(Items listed in a dataset)
== Segment start ==

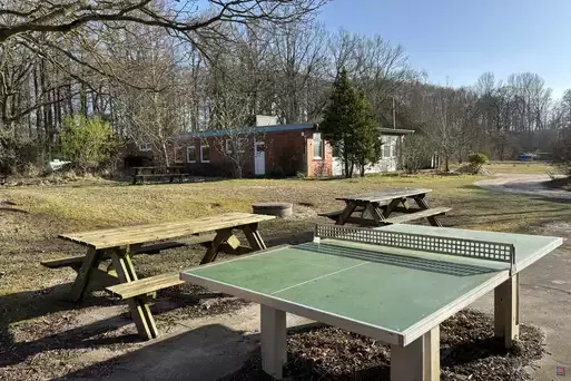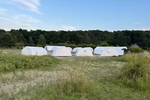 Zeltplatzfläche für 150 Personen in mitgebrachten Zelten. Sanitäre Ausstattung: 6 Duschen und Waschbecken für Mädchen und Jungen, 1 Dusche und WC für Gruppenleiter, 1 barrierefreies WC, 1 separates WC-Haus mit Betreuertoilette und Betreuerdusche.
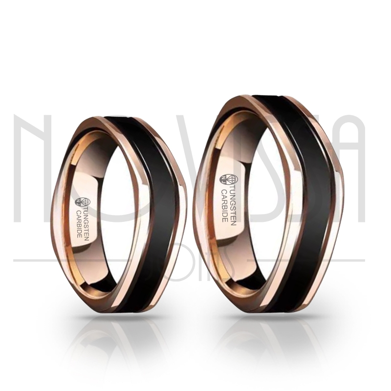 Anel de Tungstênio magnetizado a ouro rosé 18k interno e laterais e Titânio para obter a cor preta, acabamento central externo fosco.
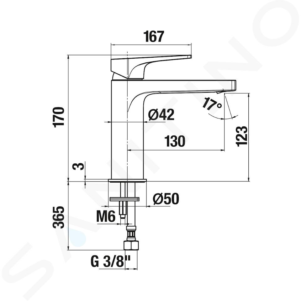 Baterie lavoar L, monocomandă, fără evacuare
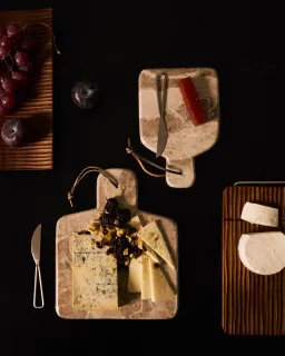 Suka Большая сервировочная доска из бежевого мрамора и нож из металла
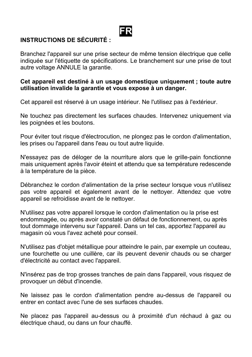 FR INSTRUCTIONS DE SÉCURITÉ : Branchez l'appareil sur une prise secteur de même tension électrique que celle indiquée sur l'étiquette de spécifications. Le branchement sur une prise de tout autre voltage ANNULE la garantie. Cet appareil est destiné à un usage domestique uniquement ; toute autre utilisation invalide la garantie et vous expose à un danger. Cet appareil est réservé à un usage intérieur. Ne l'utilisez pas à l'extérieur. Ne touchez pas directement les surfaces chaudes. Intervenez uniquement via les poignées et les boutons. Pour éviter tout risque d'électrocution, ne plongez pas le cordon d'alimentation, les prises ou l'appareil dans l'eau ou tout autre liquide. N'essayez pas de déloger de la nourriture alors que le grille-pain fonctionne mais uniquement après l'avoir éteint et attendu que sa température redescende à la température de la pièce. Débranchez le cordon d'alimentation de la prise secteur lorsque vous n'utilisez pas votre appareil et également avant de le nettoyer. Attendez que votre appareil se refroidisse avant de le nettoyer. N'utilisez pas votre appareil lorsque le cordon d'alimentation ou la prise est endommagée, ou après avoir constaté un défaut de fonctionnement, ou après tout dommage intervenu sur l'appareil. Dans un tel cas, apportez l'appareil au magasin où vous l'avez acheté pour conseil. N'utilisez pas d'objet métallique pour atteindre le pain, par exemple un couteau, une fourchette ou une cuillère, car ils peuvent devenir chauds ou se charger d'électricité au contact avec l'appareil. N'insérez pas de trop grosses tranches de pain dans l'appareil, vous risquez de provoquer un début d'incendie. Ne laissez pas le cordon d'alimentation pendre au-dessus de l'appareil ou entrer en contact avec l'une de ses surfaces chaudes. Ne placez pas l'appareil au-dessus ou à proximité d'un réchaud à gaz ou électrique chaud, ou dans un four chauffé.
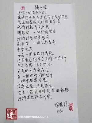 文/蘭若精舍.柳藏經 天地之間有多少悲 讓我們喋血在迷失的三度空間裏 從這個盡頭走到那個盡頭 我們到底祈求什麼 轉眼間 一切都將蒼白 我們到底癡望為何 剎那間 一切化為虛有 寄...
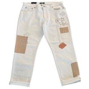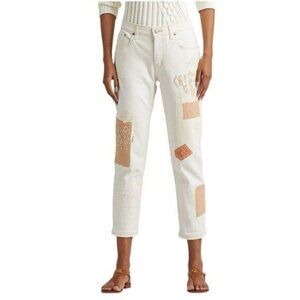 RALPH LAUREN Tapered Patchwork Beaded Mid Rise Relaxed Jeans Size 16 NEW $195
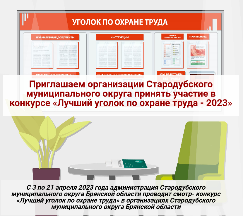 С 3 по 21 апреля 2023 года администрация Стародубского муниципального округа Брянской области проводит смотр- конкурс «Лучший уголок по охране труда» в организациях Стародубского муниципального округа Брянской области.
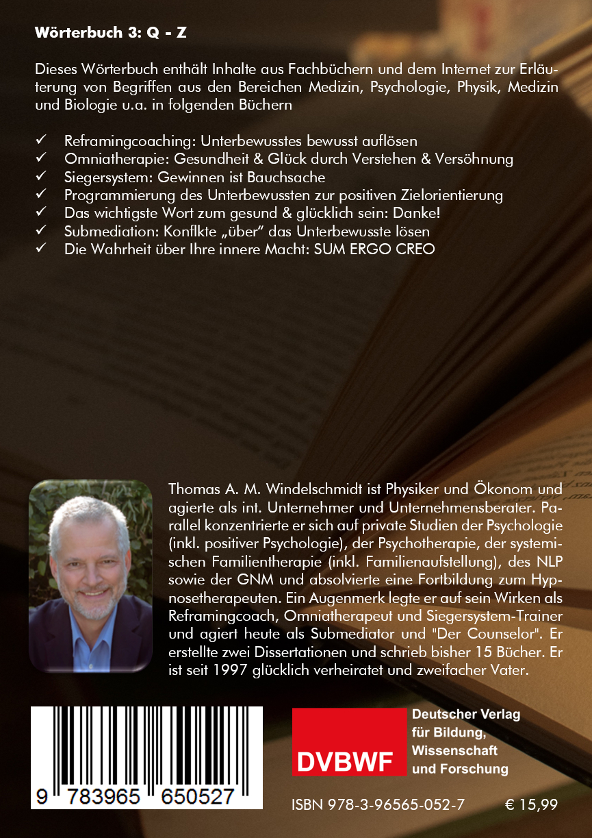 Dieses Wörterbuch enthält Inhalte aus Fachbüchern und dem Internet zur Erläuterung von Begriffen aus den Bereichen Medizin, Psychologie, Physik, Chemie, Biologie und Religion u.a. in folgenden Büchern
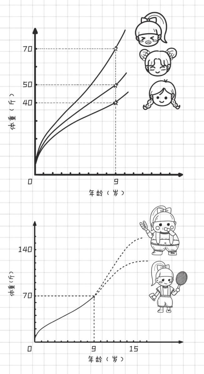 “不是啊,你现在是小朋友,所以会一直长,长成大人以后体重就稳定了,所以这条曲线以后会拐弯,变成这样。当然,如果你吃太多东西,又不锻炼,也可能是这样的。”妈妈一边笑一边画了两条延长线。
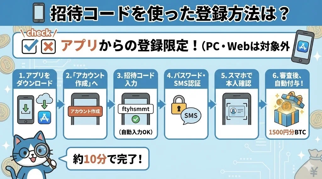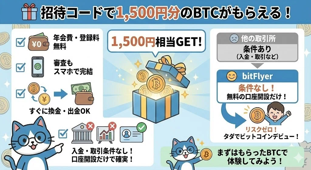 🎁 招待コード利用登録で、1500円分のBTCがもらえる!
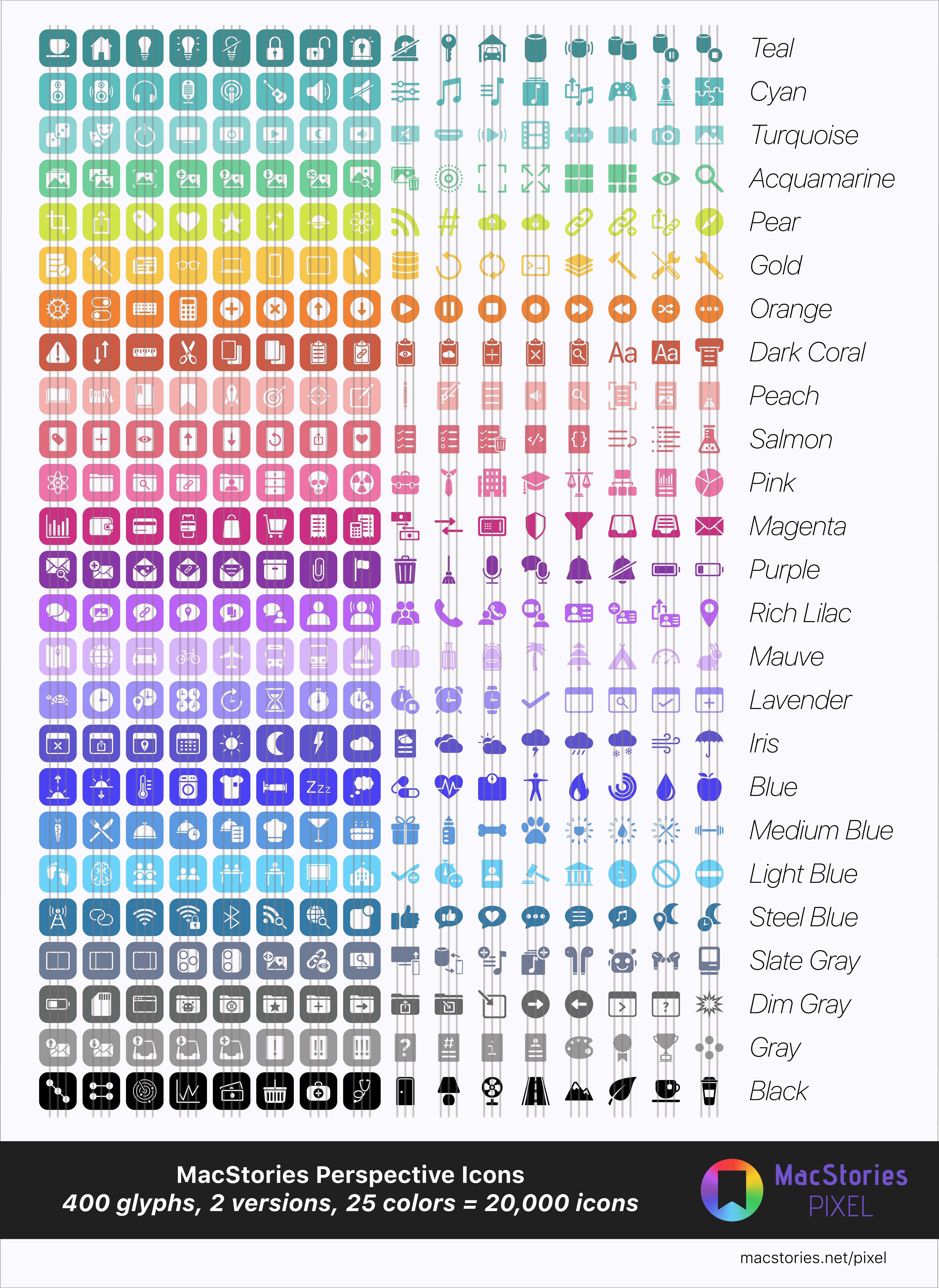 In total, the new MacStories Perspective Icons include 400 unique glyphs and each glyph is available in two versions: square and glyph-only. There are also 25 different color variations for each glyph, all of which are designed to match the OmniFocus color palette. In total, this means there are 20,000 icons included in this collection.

== Segment end ==

**Task prompt:** All the records above must be retyped exactly, except for their pictures.

**Task solution:**
 Zeltplatzfläche für 150 Personen in mitgebrachten Zelten. Sanitäre Ausstattung: 6 Duschen und Waschbecken für Mädchen und Jungen, 1 Dusche und WC für Gruppenleiter, 1 barrierefreies WC, 1 separates WC-Haus mit Betreuertoilette und Betreuerdusche.
 Anel de Tungstênio magnetizado a ouro rosé 18k interno e laterais e Titânio para obter a cor preta, acabamento central externo fosco.
 Baterie lavoar L, monocomandă, fără evacuare
 Suka Большая сервировочная доска из бежевого мрамора и нож из металла
 FR INSTRUCTIONS DE SÉCURITÉ : Branchez l'appareil sur une prise secteur de même tension électrique que celle indiquée sur l'étiquette de spécifications. Le branchement sur une prise de tout autre voltage ANNULE la garantie. Cet appareil est destiné à un usage domestique uniquement ; toute autre utilisation invalide la garantie et vous expose à un danger. Cet appareil est réservé à un usage intérieur. Ne l'utilisez pas à l'extérieur. Ne touchez pas directement les surfaces chaudes. Intervenez uniquement via les poignées et les boutons. Pour éviter tout risque d'électrocution, ne plongez pas le cordon d'alimentation, les prises ou l'appareil dans l'eau ou tout autre liquide. N'essayez pas de déloger de la nourriture alors que le grille-pain fonctionne mais uniquement après l'avoir éteint et attendu que sa température redescende à la température de la pièce. Débranchez le cordon d'alimentation de la prise secteur lorsque vous n'utilisez pas votre appareil et également avant de le nettoyer. Attendez que votre appareil se refroidisse avant de le nettoyer. N'utilisez pas votre appareil lorsque le cordon d'alimentation ou la prise est endommagée, ou après avoir constaté un défaut de fonctionnement, ou après tout dommage intervenu sur l'appareil. Dans un tel cas, apportez l'appareil au magasin où vous l'avez acheté pour conseil. N'utilisez pas d'objet métallique pour atteindre le pain, par exemple un couteau, une fourchette ou une cuillère, car ils peuvent devenir chauds ou se charger d'électricité au contact avec l'appareil. N'insérez pas de trop grosses tranches de pain dans l'appareil, vous risquez de provoquer un début d'incendie. Ne laissez pas le cordon d'alimentation pendre au-dessus de l'appareil ou entrer en contact avec l'une de ses surfaces chaudes. Ne placez pas l'appareil au-dessus ou à proximité d'un réchaud à gaz ou électrique chaud, ou dans un four chauffé.
 文/蘭若精舍.柳藏經 天地之間有多少悲 讓我們喋血在迷失的三度空間裏 從這個盡頭走到那個盡頭 我們到底祈求什麼 轉眼間 一切都將蒼白 我們到底癡望為何 剎那間 一切化為虛有 寄...
 RALPH LAUREN Tapered Patchwork Beaded Mid Rise Relaxed Jeans Size 16 NEW $195
 С 3 по 21 апреля 2023 года администрация Стародубского муниципального округа Брянской области проводит смотр- конкурс «Лучший уголок по охране труда» в организациях Стародубского муниципального округа Брянской области.
 Dieses Wörterbuch enthält Inhalte aus Fachbüchern und dem Internet zur Erläuterung von Begriffen aus den Bereichen Medizin, Psychologie, Physik, Chemie, Biologie und Religion u.a. in folgenden Büchern
 “不是啊,你现在是小朋友,所以会一直长,长成大人以后体重就稳定了,所以这条曲线以后会拐弯,变成这样。当然,如果你吃太多东西,又不锻炼,也可能是这样的。”妈妈一边笑一边画了两条延长线。
 🎁 招待コード利用登録で、1500円分のBTCがもらえる!
 In total, the new MacStories Perspective Icons include 400 unique glyphs and each glyph is available in two versions: square and glyph-only. There are also 25 different color variations for each glyph, all of which are designed to match the OmniFocus color palette. In total, this means there are 20,000 icons included in this collection.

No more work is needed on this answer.